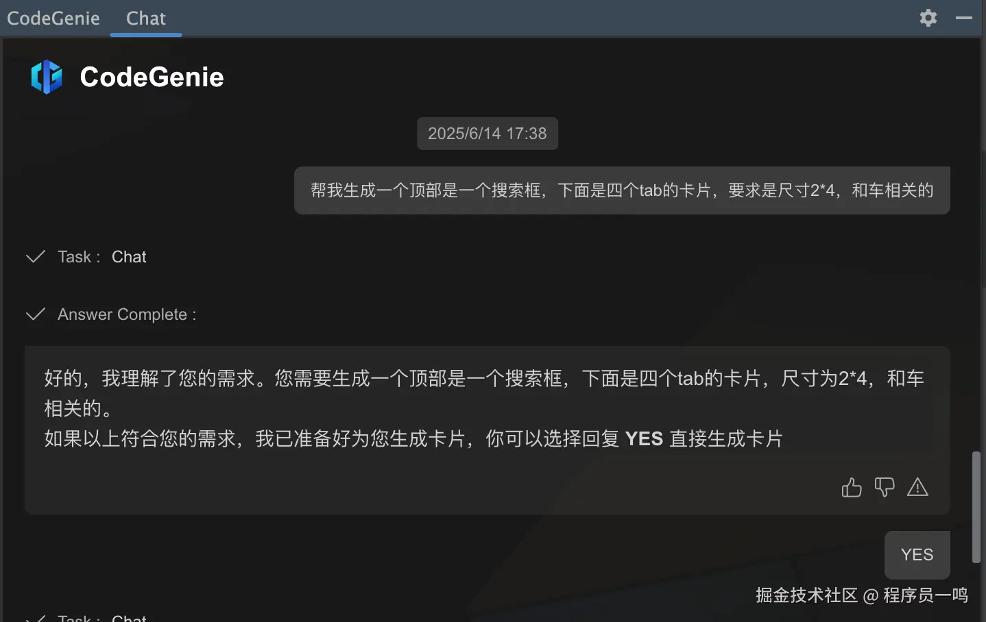 比如我简单的指令如下,在实际的调用中,指令尽量要详细一点,生成的才会更加的贴近我们想要的效果,它会进行二次确认,输入YES即可。
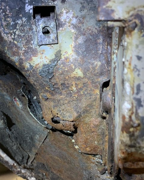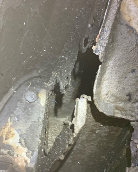 Bisher sind schon 700kg Trockeneis nötig gewesen und es wird bestimmt nochmal die Hälfte davon folgen, um die Reste wegzumachen, aber ich werde das ein- oder andere wahrscheinlich einfach direkt so mit frisch galvanisierten schrauben wieder einbauen können. HA-Träger sieht aus wie neu, der rechte Querlenker kam auch mal neu (orangener Kleber unter dem Wachs) VA werde ich KTL machen müssen, da offensichtlich mal Bremsflüssigkeit ausgelaufen ist. Kardanwelle kam 2005 neu, die ist noch gut und muss nur gekürzt werden. Weitere Überraschungen sind ein kleines bisschen Sieb in der Reserveradmulde und die Falz von der Haubendichtung vorne, da sind 2 -3 cm weggegammelt.
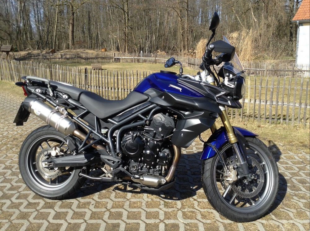 Hallo alle zusammen, wede mich heute auch mal kurz vorstellen. Ich (Stefan) bin 41, fahre seit 23 Jahren Motorrad, und die Tiger 800 ist mein 4. Motorrad. Meine Mororradgeschichte: Mit 18 begann ich auf einer KAWA GPZ 600R (damals noch mit 27PS) und als "Jahresmotorrad" mit 4000km beim damaligen "Förderer" in Rettigheim gekauft. Ab 20 offen (85PS), die bin ich dann die gesamte Zivi- und Studentenzeit gefahren bis 35000 km. Nach der Uni gab es dann in der Familie einen Motorradunfall und ich und die meisten meiner Cousins haben darauf ihre Motorräder vekauft. Nach 2 Jahren hats mich aber doch wieder gepackt und als damaliger Referendar (ohne viel Geld) hat es nur für eine gebrauchte Suzi GSX600F gelangt. Diese nach 2 Jahren mit Superbikelenker-Kit etwas bequemer gemacht. 2006 dann umgestiegen auf eine gebrauchte KAWA ZX9R (Bj. 2003) (die auch noch mein Zweitmotorrad ist). Ab 2011 dann immer wieder mit Triumph geliebäugelt, Speed und Street Triple Probe gefahren und im Sommer 2013 hats mich dann gepackt. Auf mehreren Triumph Webseiten umgeschaut und die Tiger 800 Aktion mit den Tageszulassungen entdeckt. Da mein Home Triumph Dealer in Sinsheim leider keine mehr auf Lager hatte bin ich nach Göppingen zum Motorcorner gekommen. Mit dem Auto runter, Probe gefahren und die Entscheidung war klar. Keine Speed-oder Street Triple sondern eine Tiger 800 ABS in schwarz. 3 Wochen später war sie fertig (tiefer gelegt (bin nur 170cm groß) , Handprotektoren dran, verstellbares Windschild) mit dem Zug runter und sie war mein. Nach 2 quälenden Wochen mit max. 6000 U/min waren dann die ersten 800km um, der erste Service (140€) in Sinsheim auch schnell erledigt und seit dem :) . Im Winter dann die ersten selbst angebauten Veränderungen: Sturzbügel Topcase Kühlerschutz verlängertes Schutzblech (Kettenschutz) Leovince Endtopf Achspads vorn und hinten und schließlich eine andere Screen (MRA Variotouringscreen) Wer Infos darüber braucht, einfach melden. Genausso bei Interesse an Touren durch den Odenwald, aber Achtung: einige der schönsten (Sensbachtal) und kurvigsten (Krähberg) Strecken im Odenwald sind am Wochenende gesperrt. LG Stefan
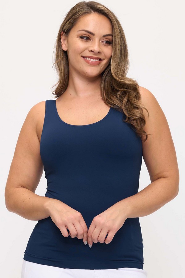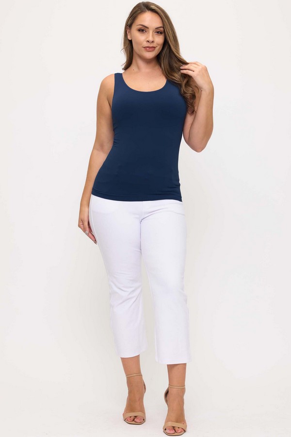 Effortless versatility meets everyday comfort in this reversible tank. Designed with a built-in bra for light support, it offers a sleek, smooth fit that flatters from every angle. Wear it with the scoop neck in front for a classic look, or flip it for a deeper neckline—two styles in one. Crafted from soft, stretchy fabric, this tank is perfect for layering under jackets or wearing solo with jeans, shorts, or skirts. A timeless staple you’ll reach for again and again.
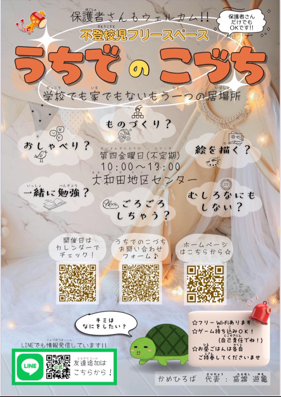 学校に行きづらい、でもいつも家にいるのも…そんな時は、皆でわいわい遊んだり、ご飯を食べたりしてみませんか。
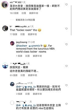 由於林書豪的IG擁有195萬名粉絲追隨,因此影片一發布立刻引發討論,有網友就說到「落漆休息室,搞得像落後國家一樣,啊對不起我們應該算是落後國家了」、「說個笑話,職業」、「這休息室真的殘破不堪… 太窮酸了這休息室。是在打系籃嗎?」、「好破的球員休息室…」。
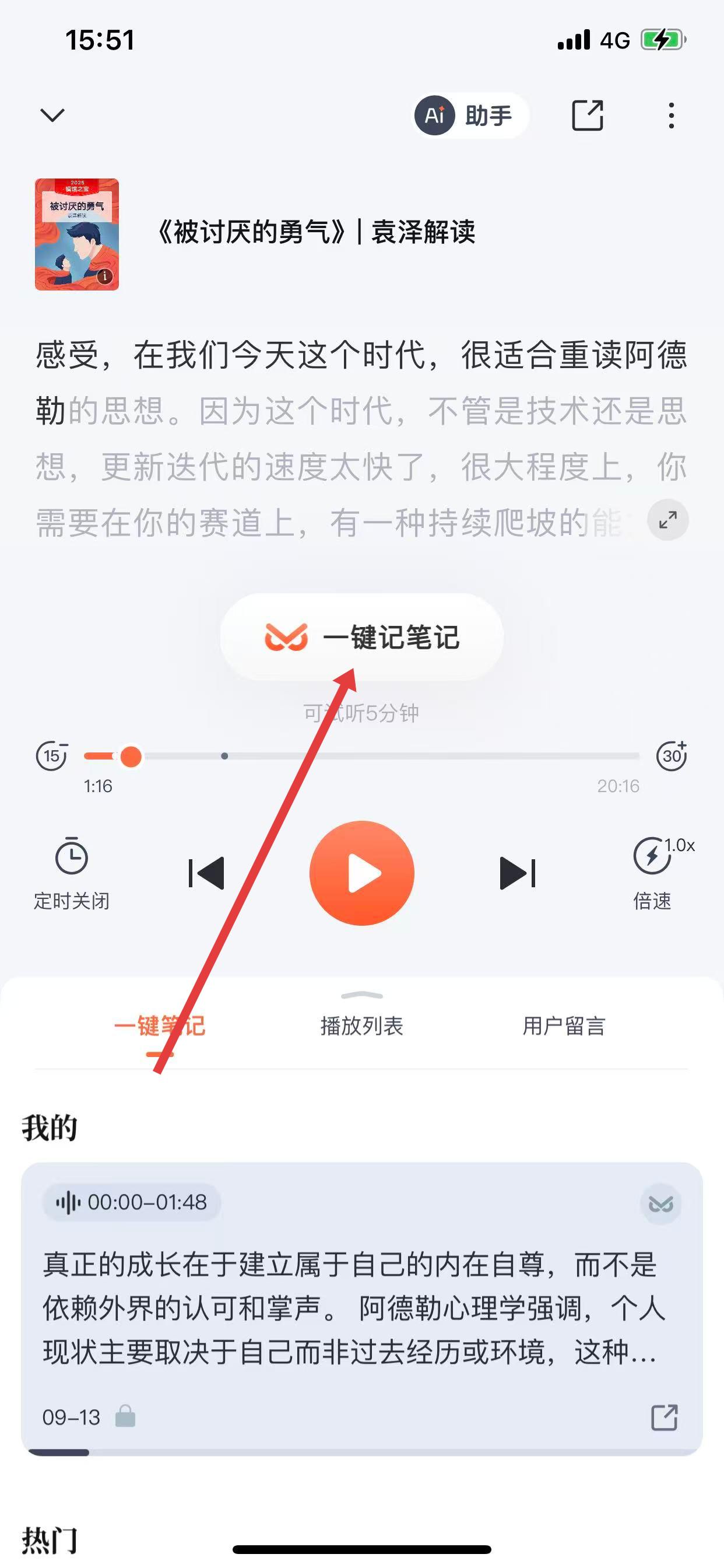 2、在播放頁面中,找到并點(diǎn)擊一鍵記筆記按鈕,它一般會在播放進(jìn)度條附近。

__THE TASK__:
Your answer must be exactly the lines from the one containing "学校に行きづらい、でもいつも" through the last line of the records above, both included, with every picture left out.

__RESPONSE TO THIS TASK__:
 学校に行きづらい、でもいつも家にいるのも…そんな時は、皆でわいわい遊んだり、ご飯を食べたりしてみませんか。
 由於林書豪的IG擁有195萬名粉絲追隨,因此影片一發布立刻引發討論,有網友就說到「落漆休息室,搞得像落後國家一樣,啊對不起我們應該算是落後國家了」、「說個笑話,職業」、「這休息室真的殘破不堪… 太窮酸了這休息室。是在打系籃嗎?」、「好破的球員休息室…」。
 2、在播放頁面中,找到并點(diǎn)擊一鍵記筆記按鈕,它一般會在播放進(jìn)度條附近。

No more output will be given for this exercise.